#### Exercise requirements
Under this line sits a listing. Repeat exactly and only its lines from the one holding "Abstrakta kompositioner som" through the one holding "For Samsung Galaxy"; skip pictures.

===== Data listing

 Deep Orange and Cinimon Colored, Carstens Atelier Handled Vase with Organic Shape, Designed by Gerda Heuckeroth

==========
===== Data listing

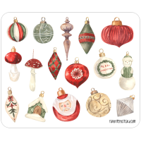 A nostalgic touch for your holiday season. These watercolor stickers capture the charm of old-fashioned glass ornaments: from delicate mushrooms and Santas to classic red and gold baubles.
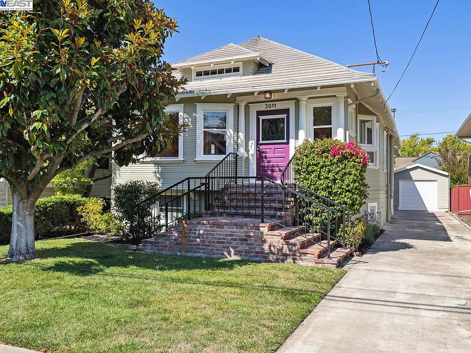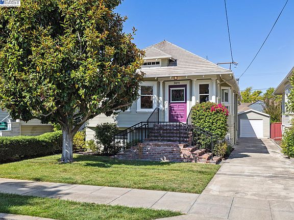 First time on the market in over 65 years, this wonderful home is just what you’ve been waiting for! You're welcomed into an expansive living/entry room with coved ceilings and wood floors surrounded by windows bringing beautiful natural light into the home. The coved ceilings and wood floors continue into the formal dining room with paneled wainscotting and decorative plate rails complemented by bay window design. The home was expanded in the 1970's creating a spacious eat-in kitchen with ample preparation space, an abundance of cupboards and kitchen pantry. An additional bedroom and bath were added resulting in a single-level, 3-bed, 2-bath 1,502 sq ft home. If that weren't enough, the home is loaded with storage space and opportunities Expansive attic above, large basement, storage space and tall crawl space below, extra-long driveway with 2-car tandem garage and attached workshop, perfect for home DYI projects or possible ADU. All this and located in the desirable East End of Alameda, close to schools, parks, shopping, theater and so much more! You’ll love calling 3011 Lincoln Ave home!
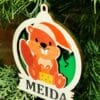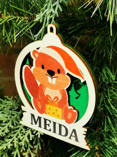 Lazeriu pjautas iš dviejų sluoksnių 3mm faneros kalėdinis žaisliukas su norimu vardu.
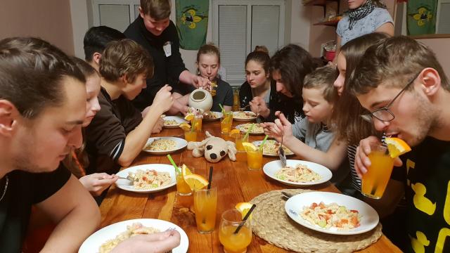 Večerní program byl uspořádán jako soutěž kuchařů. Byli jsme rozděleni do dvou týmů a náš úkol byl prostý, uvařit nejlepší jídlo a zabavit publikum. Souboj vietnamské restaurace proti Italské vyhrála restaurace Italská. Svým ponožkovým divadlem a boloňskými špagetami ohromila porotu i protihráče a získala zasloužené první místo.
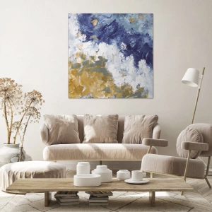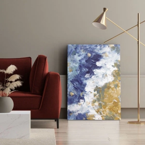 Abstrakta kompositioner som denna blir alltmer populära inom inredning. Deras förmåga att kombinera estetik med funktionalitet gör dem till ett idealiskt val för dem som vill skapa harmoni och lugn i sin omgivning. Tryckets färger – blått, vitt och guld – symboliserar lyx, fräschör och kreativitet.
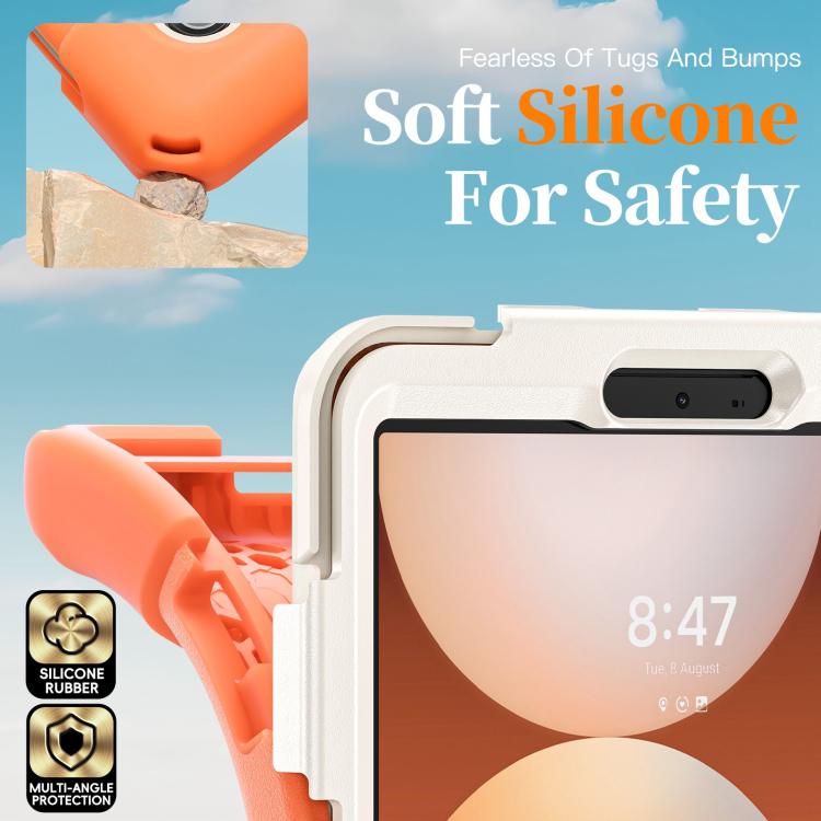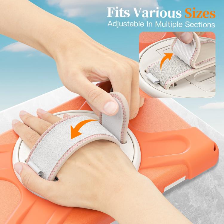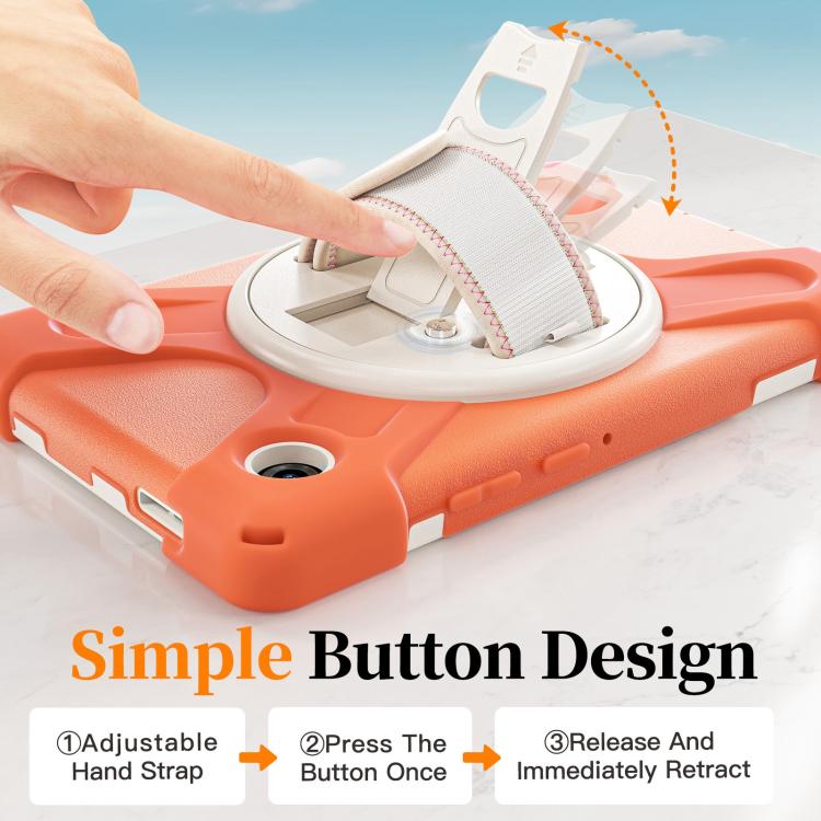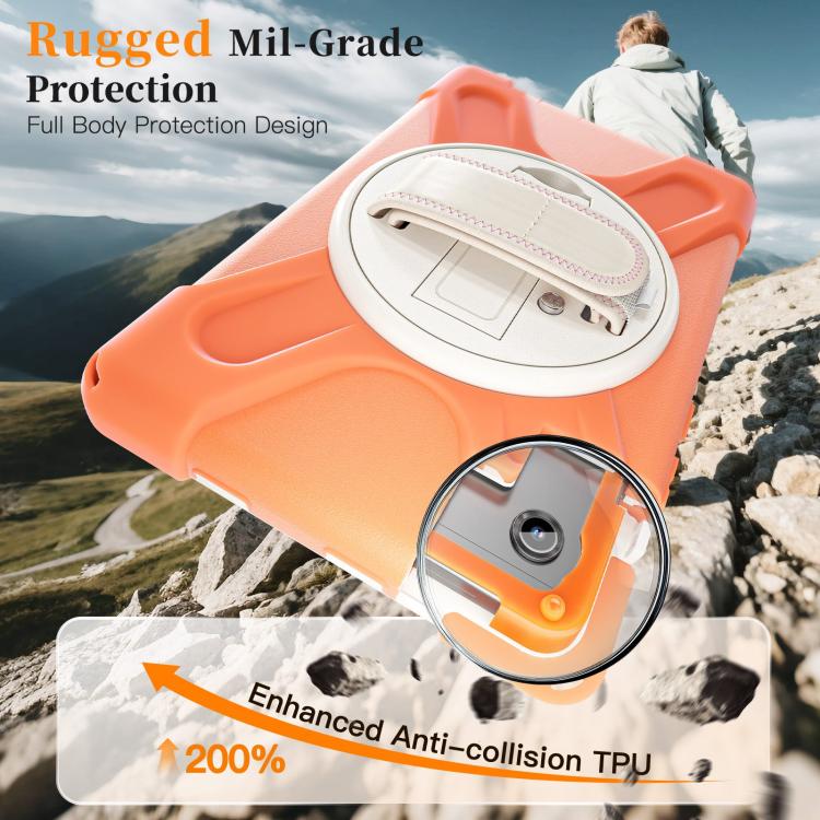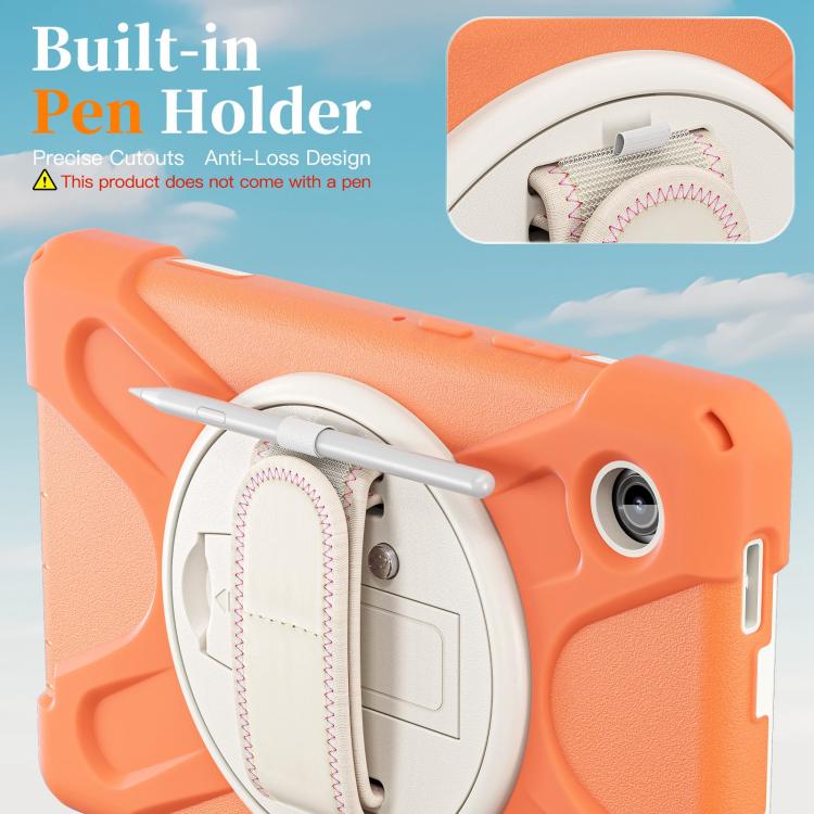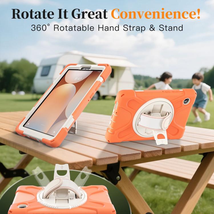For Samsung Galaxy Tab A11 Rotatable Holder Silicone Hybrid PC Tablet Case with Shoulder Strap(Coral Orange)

==========

#### Solution to the problem
 Abstrakta kompositioner som denna blir alltmer populära inom inredning. Deras förmåga att kombinera estetik med funktionalitet gör dem till ett idealiskt val för dem som vill skapa harmoni och lugn i sin omgivning. Tryckets färger – blått, vitt och guld – symboliserar lyx, fräschör och kreativitet.
For Samsung Galaxy Tab A11 Rotatable Holder Silicone Hybrid PC Tablet Case with Shoulder Strap(Coral Orange)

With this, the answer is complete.